The evidence from animal models is even more convincing. Transgenic mice deficient in the Th1 transcription factor T-bet [47], signature cytokine IFN-γ [48], or the Th1 polarizing factors IL-12 [49] or IL-18 [50] developed significantly less atherosclerosis than animals having competent Th1 responses. Exogenous administration of IL-6 [51], IL-12 [52], IL-18 [53], or IFN-γ [54] exacerbates atherosclerosis in mice. In particular, IFN-γ has been implicated as pro-atherogenic through multiple mechanisms including: activation of macrophages, endothelial, and smooth muscle cells; inhibition of cholesterol efflux; and weakening of the fibrous cap [55].

The role of Th2 cells in atherosclerosis is less certain. Th2 cells can inhibit Th1 development [56] and suppress pro-inflammatory cytokine release [57], and have been suggested to be anti-atherogenic in murine atherosclerosis, as evidenced by the finding that STAT6−/− mice, which lack Th2 cells, developed increased atherosclerosis compared to wild-type animals [12]. Th2 cells, however, are pro-inflammatory in conditions such as asthma [58], and have also been reported in some experimental models as pro-atherogenic [49, 59]. In contrast to IFN-γ, the Th2 signature cytokine IL-4 has more controversial effects on atherogenesis. In one study, no effect on lesion size was observed with IL-4 deficiency, or by exogenous administration of IL-4 [60], while another study showed a significant reduction in lesion size in IL-4 deficient mice [49]. In this regard, site-specific roles of IL-4 have been proposed as one possible explanation for these discrepancies [49, 59]. Recent results from a prospective population-based epidemiology study with 15 years of follow-up reported that high numbers of circulating Th2 cells at baseline were independently associated with decreased IMT [46]. High numbers of Th2 cells were also independently associated with a reduced risk of acute myocardial infarction in women in this same study [46]. Similarly, Th2 cells were negatively associated with common carotid IMT in the MESA [45]. These results from population-based studies are consistent with an anti-atherogenic role of Th2 cells.

While Th1 cells predominate among the T cell populations in both human and mouse atherosclerotic plaque infiltrating T cells, Th17 cells are present in both species and various lines of evidence provide support for a pathologic role for this subpopulation [61]. Evidence in the human is more circumstantial and depends predominantly on the demonstration that levels of IL-17A or Th17 cells are increased in CVD patients compared to controls [62]. However, plasma levels of IL-17A also showed no correlations to carotid artery IMT in a separate study [63]. In the mouse where genetic manipulations are possible, there is more direct and concrete evidence for a part for Th17 in atherogenesis.
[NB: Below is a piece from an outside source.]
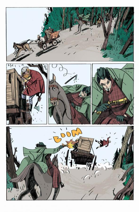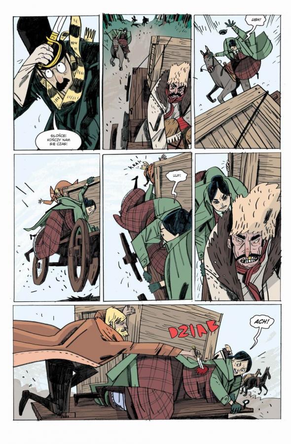 O kresce Warwicka Johnsona-Cadwella można napisać wiele, ale na pewno nie to, że jest gładka i łatwa dla oka. Pierwsze spotkanie z jego pracami zrobiło na mnie wrażenie i obecnie niewiele się zmieniło. Chyba rozumiem, czemu Mignola sam nie wziął się za rysunki. Ta przedziwna i humorystyczna lekkość fabuły gryzłaby się z wieloma aspektami jego rysunku, a z kolei Johnson-Cadwell wspaniale czuje się w horrorze z przymrużeniem oka. Miejscami może jest zbyt karykaturalnie, ale rysownik odpokutowuje to całokształtem kreowanego klimatu.

Use of IL-17a−/−or IL-17 receptor a−/− (IL-17ra−/−) bone marrow chimeras, or blocking of IL-17A significantly reduced aortic lesion size by approximately 50% in most, but not all, studies [63–69], with other reports indicating an IL-17-dependent reduction in lesion development and vascular inflammation [70]. Reduced lesion size in the former studies correlated with decreased numbers of macrophage in the plaque and reduced expression of adhesion molecules, suggesting that monocyte recruitment is inhibited when Th17 cells are blocked. IL-6 and granulocyte colony-stimulating factor (G-CSF) levels were decreased which could also contribute to protection. Further investigations are required to determine the role of Th17 cells in atherosclerosis in humans.

There is significant evidence that Treg cells are protective in atherosclerosis in mouse models [71]. Evidence in human CVD, however, remains circumstantial and minimal. A recent study reported that patients with vulnerable coronary plaques have lower circulating levels of Treg cells and IL-10 compared with stable controls [72]. Another study found that low circulating levels of Treg cells at baseline (identified as CD4⁺FoxP3⁺) were associated with an increased risk for the development of myocardial infarction [73]. In contrast, no differences in Treg cell levels (identified as CD4⁺CD25^highCD127^low) were observed in a subgroup of coronary artery disease patients with rapid versus slow common carotid artery IMT progression over 6 year of follow-up [74]. Treg cell levels were also found to be similar in chronic stable angina patients compared to controls in a study by this same group [74]. Experiments in mice demonstrated that Treg numbers were reduced, and functional properties suppressed, in atherosclerotic animals [75]. Adoptive transfer of Treg cells or induction of tolerance reduced atherogenesis through either IL-10 or TGF-β [75–77]. Furthermore, studies have shown that statins significantly increase Treg cell numbers, TGF-β, and IL-10 in atheromas in mice [78], which may partially explain the atheroprotective effects of these drugs. Finally, as indicated above, IL-2 is essential to the maintenance and survival of Treg cells. Studies have been performed using fusion IL-2 protein in mouse models which preferentially localized to the atheroma, and this approach resulted in enhanced Treg cell localization to the plaque, and was associated with reduced macrophage localization and an overall reduction in plaque size [79]. In humans, elevated levels of soluble IL-2 receptor (sIL-2r) were associated with progression of CAC [80], and sIL-2r and IL-2 have been proposed as atherosclerosis risk markers [80–82]. Collectively, the animal model data implicate a protective role of Treg cells in atherosclerosis; whether these cells play a similar role in atherosclerosis in humans, and which specific Treg subsets, needs to be clarified.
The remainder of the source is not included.